Like a veritable shadow, wherever the shepherd went, the pet lamb followed. Wherever he walked, the pet lamb walked. And whenever the shepherd set out into the wild pastures, the upland range or rough hill country to gather his stray stragglers, full responsibility for their safe return rested on the pet lamb.

It was the pet lamb who came alongside the lost ones, who fed side by side with them, who called to them, who influenced them to follow him gently back to the master’s fold. It was the pet lamb, who, at the close of day as the sun set over the western hills, came home in the master’s footprints, faithfully bringing the strays with him.

The term ‘bellwether’ refers to this special lamb (who often wears a bell), bringing the stray sheep back to the fold, back to the shepherd. The divine Bellwether is The Lamb of God, Jesus Christ. Even out of the most difficult circumstances to which our own waywardness and selfishness have brought us, He gently but firmly nudges us in the right direction. In love and compassion and care, He comes to call us back to God our Father and home where we belong.

Jesus — the Bellwether Lamb — leads, nudges and watches over you and me. He leads us back to God — the Good Shepherd.

And then someone in our study group said, “Shouldn’t we be bellwether lambs, too?” And suddenly the warm fuzzy idea of Jesus being our Bellwether Lamb became a riveting personal challenge.

If Jesus leads me home to my Heavenly Father, I must, in gratitude, become a bellwether lamb to a friend or family member that is facing difficulties or has lost their way.

Ephesians 2:8-10 lays it out pretty simple — For by grace you have been saved through faith, and that not of yourselves; it is the gift of God, not of works, lest anyone should boast.
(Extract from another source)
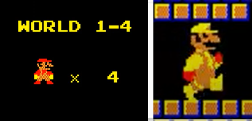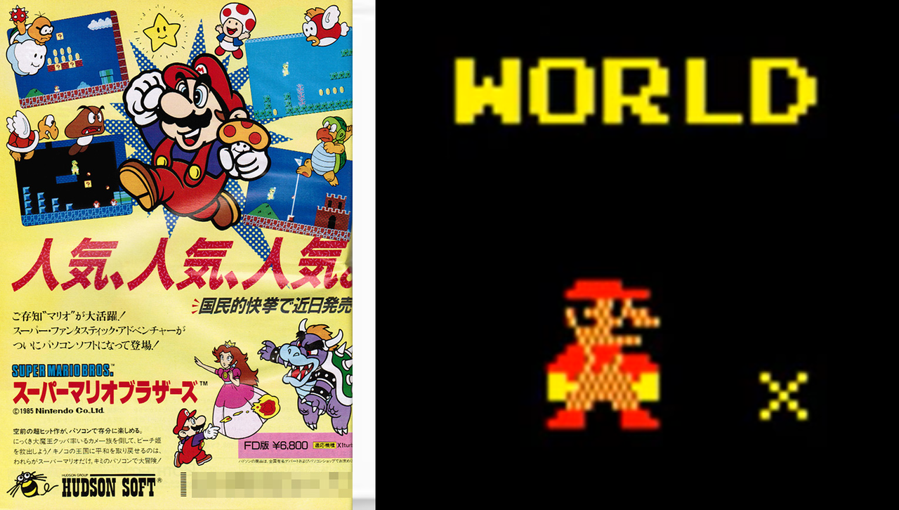 ・例外として、PC-8801版のスーパーマリオブラザーズ(1986年 / ハドソン)では、ドット絵でも白手袋になっています(ハード性能による色制限の違い?・・違和感が強いですよね。ファイアマリオだと赤手袋?になっています。)

For we are His workmanship, created in Christ Jesus for good works, which God prepared beforehand that we should walk in them.

God’s grace, demonstrated on the Cross, was the ultimate act of our Bellwether Lamb. He restored our connection with God, our Good Shepherd. And as we find ourselves safely in God’s Fold, he reminds us that we were created and saved for good works. We were created to be bellwether lambs to those around us.

So perhaps, then, “I Just Wanna Be a Sheep,” should really be the heart song of every Christian! Not just our kids . . .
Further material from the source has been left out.